• Exercise prompt
With the line containing "表格名称:表E.13 自动喷水灭火系统调试、检测、验收记录(续表9)" as the start and the line containing "This gorgeous pride" as the end, transcribe that span of the entries below exactly, including both.

• Data for processing
########################################
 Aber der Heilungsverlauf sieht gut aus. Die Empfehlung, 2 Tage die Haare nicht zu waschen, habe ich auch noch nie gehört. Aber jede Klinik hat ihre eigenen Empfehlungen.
########################################
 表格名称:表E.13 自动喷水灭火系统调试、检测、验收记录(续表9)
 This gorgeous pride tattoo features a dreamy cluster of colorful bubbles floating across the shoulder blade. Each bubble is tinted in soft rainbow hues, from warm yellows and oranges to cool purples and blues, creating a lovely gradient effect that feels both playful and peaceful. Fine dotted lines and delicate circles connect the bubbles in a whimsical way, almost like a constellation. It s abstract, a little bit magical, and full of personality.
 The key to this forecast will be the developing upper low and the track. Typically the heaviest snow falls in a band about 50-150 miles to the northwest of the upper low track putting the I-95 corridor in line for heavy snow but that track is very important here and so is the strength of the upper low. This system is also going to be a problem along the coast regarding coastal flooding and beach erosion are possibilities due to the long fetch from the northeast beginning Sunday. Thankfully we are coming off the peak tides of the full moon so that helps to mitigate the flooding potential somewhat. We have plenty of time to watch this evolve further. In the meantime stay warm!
########################################
• Written solution
 表格名称:表E.13 自动喷水灭火系统调试、检测、验收记录(续表9)
 This gorgeous pride tattoo features a dreamy cluster of colorful bubbles floating across the shoulder blade. Each bubble is tinted in soft rainbow hues, from warm yellows and oranges to cool purples and blues, creating a lovely gradient effect that feels both playful and peaceful. Fine dotted lines and delicate circles connect the bubbles in a whimsical way, almost like a constellation. It s abstract, a little bit magical, and full of personality.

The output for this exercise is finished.